Most places I've worked are monolithic. They favor a simple philosophy: one giant tool to rule them all. Of course, again, in reality it's probably somewhere between two and five tools, but there aren't many. The programs launched in the process of building a master of the game are few and complex, likely glued together with some kind of scripting language, and generally the flow is short but easy to understand.

The advantage of monolithic processes is precisely in that ease of understanding. You take some assets, pump them through the build process, and out comes a game. Simple, clean, and effective.

Sadly, the advantages end there - but before we delve too far into that rabbit hole, let's look at the competing philosophy.


Decentralized Tool Systems: No Single Point of Failure
In a decentralized world, you don't have large programs. You have dozens, maybe even a couple of hundred small programs. Each one does something very specific, very focused, and very simple. A build process, for example, is not a handful of tools chained together by a script: it's a simple program that shells out to a potentially vast number of helper programs to do numerous small changes to the data until it arrives in the final master format.

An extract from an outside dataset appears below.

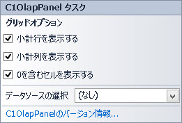 )を使用できます。スマートタグは、C1OlapPanel で最もよく使用されるプロパティを提供するショートカットタスクメニューです。C1OlapPanel スマートタグと [タスク]メニューが表示されるのは、コントロールがデータソースに連結されている場合だけです。

This environment can be tricky. As the number of tools proliferates, it may seem like the complexity is overwhelming, even prohibitive; who's going to keep track of all these little utilities? Who owns the process? What if something goes wrong?

On paper, decentralized tool systems might seem like a net loss. So why would anyone ever want to build one?


Unix
Interestingly, this dichotomy is almost as ancient as computing. In fact, the first massively successful embodiment of the decentralized philosophy is none other than the Unix operating system family. In the Unix world, you accomplish things by chaining together a number of simple but flexible tools. The number of ways in which a few basic programs can be combined is astronomical, and this is what makes the Unix-style command line so immensely powerful. Anyone who has seen a wizard cast sed/awk/grep spells can attest to this.

So why is the decentralized mode of operation in Unix appealing for game tools? The simple answer is combinatorial flexibility. The same thing that makes a typical Unix shell more powerful than MS-DOS's command prompt can teach us tremendous amounts about how to build general tool pipelines.


PowerShell
My biggest complaint with the Unix philosophy is that everything is piped between commands in textual format. This means that every program you want to combine must parse text and output results in a way that is compatible with other programs in the chain. If you've ever tried piping data from one program into an incompatible one, and spent the next few hours writing shell scripts or something to try and glue them together, you know how painful this can get.

PowerShell takes the Unix philosophy of combining small programs and extends it in a brilliant way. Instead of piping text between programs, you pass around entire .Net objects. This is a bit of a head-trip to get used to at first, but once you grok it, the power is almost uncanny. When you get used to writing your shell scripts in terms of objects and reflection, you can do incredible things in very short bursts of code. My humble opinion is that PowerShell is the future of command-line tool chains, and that its core tweak to the Unix philosophy is a gold mine of educational material for ways to construct software pipelines in general.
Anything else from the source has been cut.